MATERIAL AND METHODS: A total of 27 patients with GISTs underwent treatment and were followed up at the Gaziosmanpaşa Taksim Training and Research Hospital. Descriptive statistics was used to calculate the mean and median values. Survival analysis was performed by the Kaplan-Meier method. The analyses were performed using the SPSS version 22.0 software.

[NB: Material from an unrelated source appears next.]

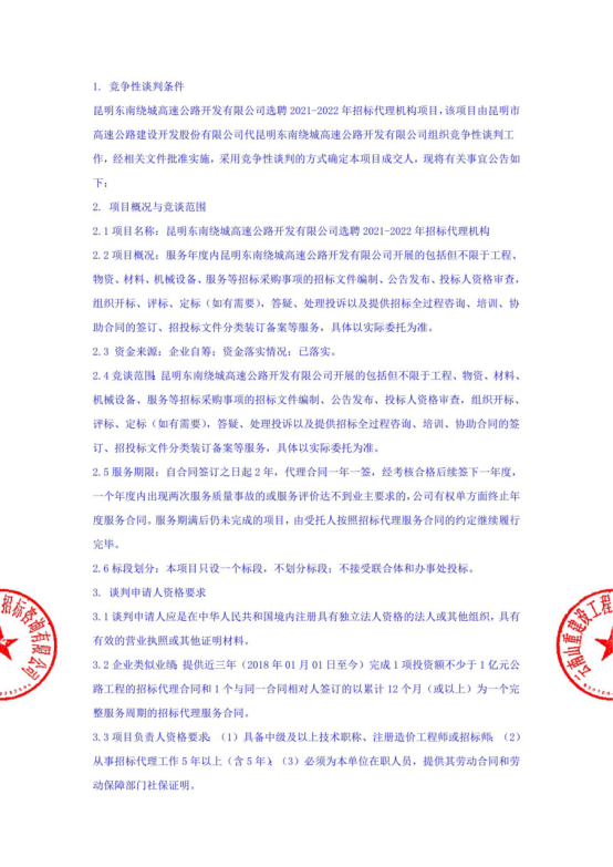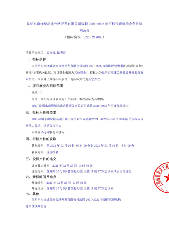 昆明东南绕城高速公路开发有限公司选聘2021-2022年招标代理机构竞争性谈判公告

RESULTS: The mean follow-up time was 3.5 (5 months to 13 years) years. The mean age was 60.4 (29-82) years. The tumors were localized in the stomach (62.9%), extraintestinal areas (14.8%), intestine (7.4%), esophagus (7.4%), and rectum (7.4%). Twenty-four patients were classified according to the Fletcher system. Of these patients, 7 (25.9%) were classified as very low risk, 8 (29.6%) as low risk, 7 (25.9%) as intermediate risk, and 2 (7.4%) as high risk. Twenty-four patients underwent surgery. Of the 3 patients who did not undergo surgery, 1 had metastatic disease at the time of diagnosis, and 2 had mini- or micro-GISTs in the stomach. On endoscopic surveillance, all tumors remained stable. Three out of the 27 patients were lost to follow-up. Two patients developed recurrence, and 1 patient died of GIST.

CONCLUSION: We analyzed the clinical and pathological characteristics of GIST. The most common site of tumor origin was the stomach. The size, mitotic index, and Ki-67 values were to be found high in intermediate- and high-risk groups and metastatic diseases.